About six miles south of Lake Superior, in the western part of Ontonagon County, lies the town of White Pine, once home to one of the country's largest copper mines.  It is a station on the Chicago, Minneapolis & St. Paul Railroad, in Carp Lake Township. 

In 1880 Captain Thomas Hooper discovered copper mineralization in an outcrop along the Mineral River two miles east of the Nonesuch mine on land owned by the St. Mary's Mineral Land Company. Hooper aptly named it the White Pine mine for the beautiful hillside trees that abounded in the region. In the fall of 1880, with Byron H. White and Charles A. Parker, he opened up the White Pine mine, took out the first copper and shipped it. 
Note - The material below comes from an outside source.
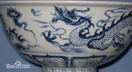 明代龙纹:凶猛威武,胸前大多饰有曲折的绶带,身披火焰纹,怒发冲冠,咆哮于海涛祥云之间,以示主宰权势。具体特征:头部略圆,比前朝显细,鬓发成篷,毛有向上冲或向斜上冲或向斜上冲之势。下颚较长,特别是上颚端肌肉发达,高高突起,呈如意状,形如猪嘴,所以人称“猪嘴龙”;睫毛比较写实,眼睑的上边缘一般用数根短竖线表示睫毛;双须粗,伸展有力,形如鱼叉,部分龙纹的双须在局部处呈螺旋形曲折,但须尖成前冲,直而不弯;爪子第一第二趾相对成蟹钳状,趾间距离比较相近,形若风车;身体呈网格纹、锯齿纹较多。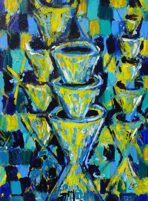 The phenomenon in physics known as “Floquet states”, which have now been observed in graphene for the first time, as envisaged by artist Lina Segerer. This image “Dirac Cones I” explores the concept of Floquet states in graphene generated by light pulses. The painting shows the three-dimensional electronic structure of graphene – known as Dirac cones – and their replicas created by light.

In 1915, Thomas H. Wilcox, a mining engineer, formed the White Pine Copper Company with himself as superintendent. Its settlement was given a post office as White Pine Mine on June 7, 1915. Axel G. Johnson was its first postmaster.  The mine closed about 1920.

The White Pine Branch of the Milwaukee Road was built during World War I to haul copper ore.  After the war, it was used to haul logs.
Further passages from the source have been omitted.